Everything in the listing that follows should be reproduced exactly except the pictures.

─── Dataset section

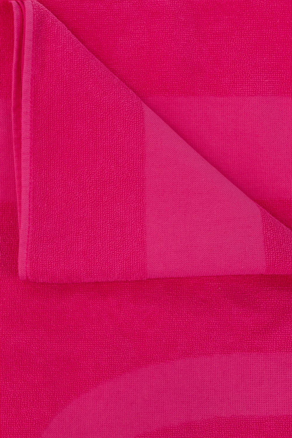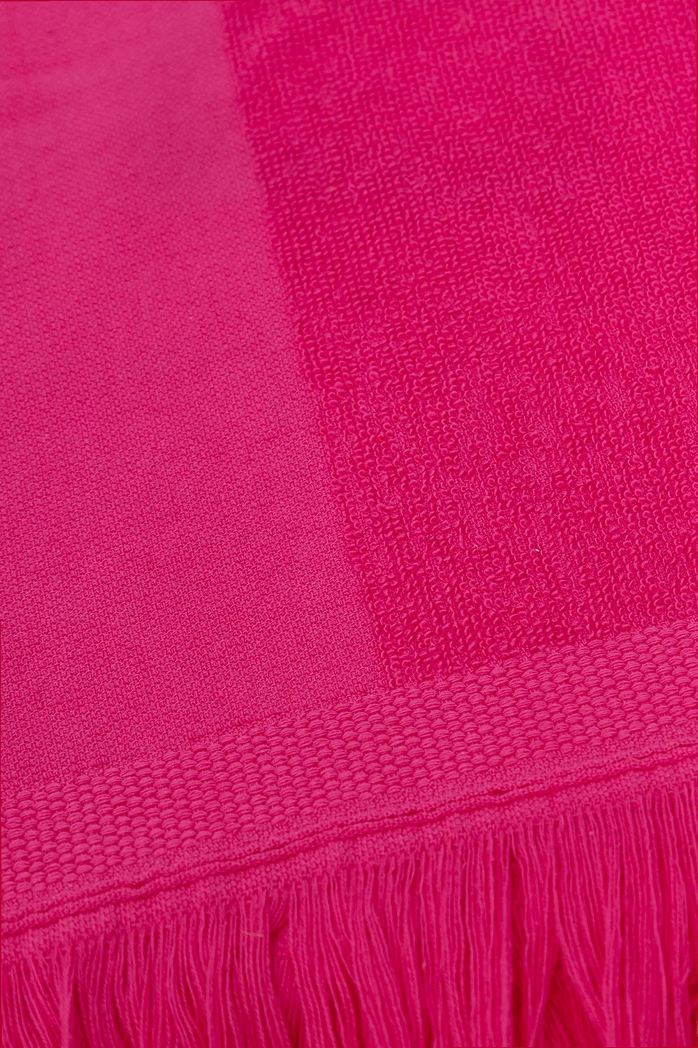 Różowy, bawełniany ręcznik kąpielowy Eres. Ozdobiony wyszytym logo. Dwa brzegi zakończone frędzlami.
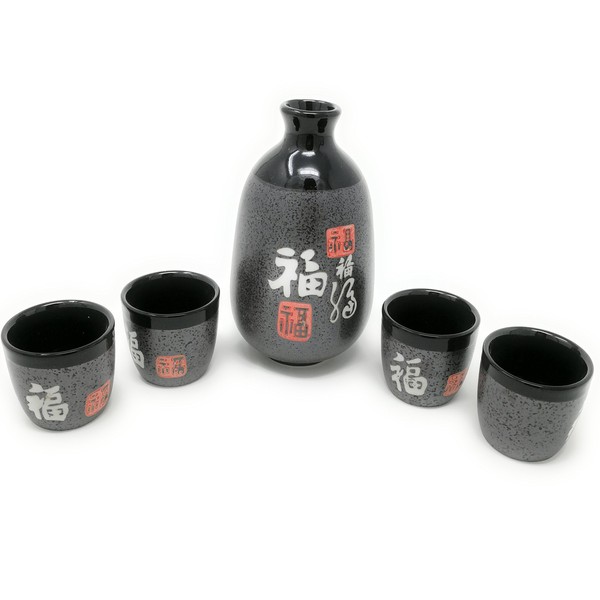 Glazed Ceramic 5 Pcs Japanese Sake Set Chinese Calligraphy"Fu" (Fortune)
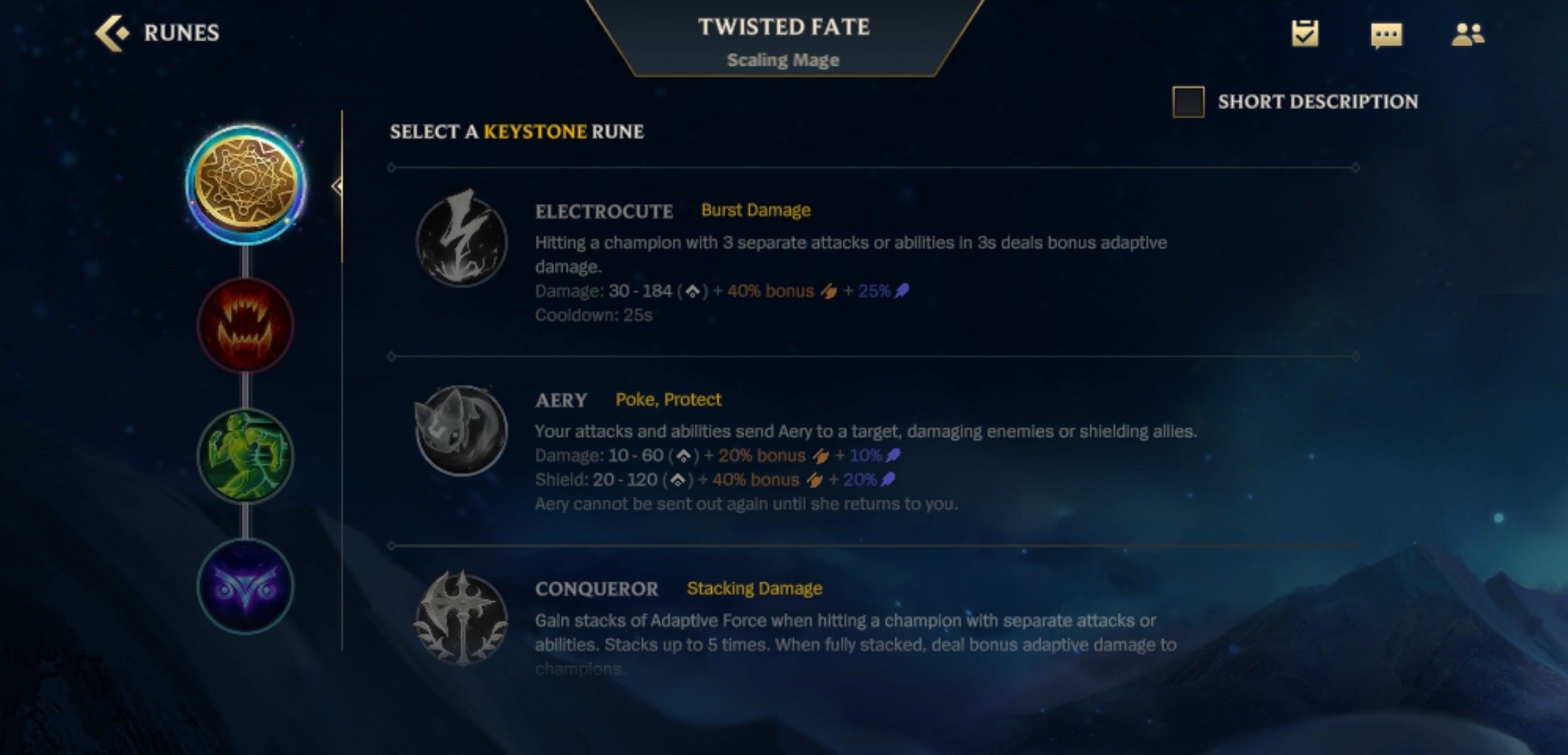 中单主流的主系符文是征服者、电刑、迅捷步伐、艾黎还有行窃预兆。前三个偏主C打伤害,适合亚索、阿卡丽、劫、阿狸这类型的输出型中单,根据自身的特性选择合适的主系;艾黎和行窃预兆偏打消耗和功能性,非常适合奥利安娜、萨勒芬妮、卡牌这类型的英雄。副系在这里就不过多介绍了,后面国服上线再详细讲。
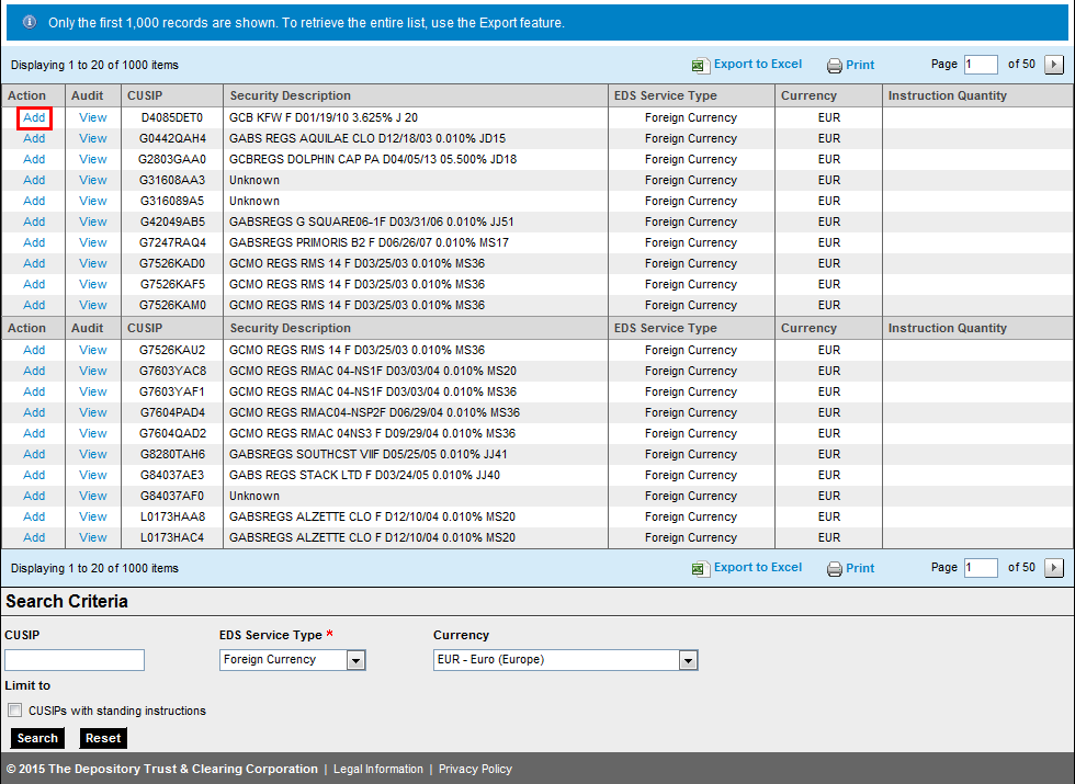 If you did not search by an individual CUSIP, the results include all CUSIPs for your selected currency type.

──────

• [Response area]:
 Różowy, bawełniany ręcznik kąpielowy Eres. Ozdobiony wyszytym logo. Dwa brzegi zakończone frędzlami.
 Glazed Ceramic 5 Pcs Japanese Sake Set Chinese Calligraphy"Fu" (Fortune)
 中单主流的主系符文是征服者、电刑、迅捷步伐、艾黎还有行窃预兆。前三个偏主C打伤害,适合亚索、阿卡丽、劫、阿狸这类型的输出型中单,根据自身的特性选择合适的主系;艾黎和行窃预兆偏打消耗和功能性,非常适合奥利安娜、萨勒芬妮、卡牌这类型的英雄。副系在这里就不过多介绍了,后面国服上线再详细讲。
 If you did not search by an individual CUSIP, the results include all CUSIPs for your selected currency type.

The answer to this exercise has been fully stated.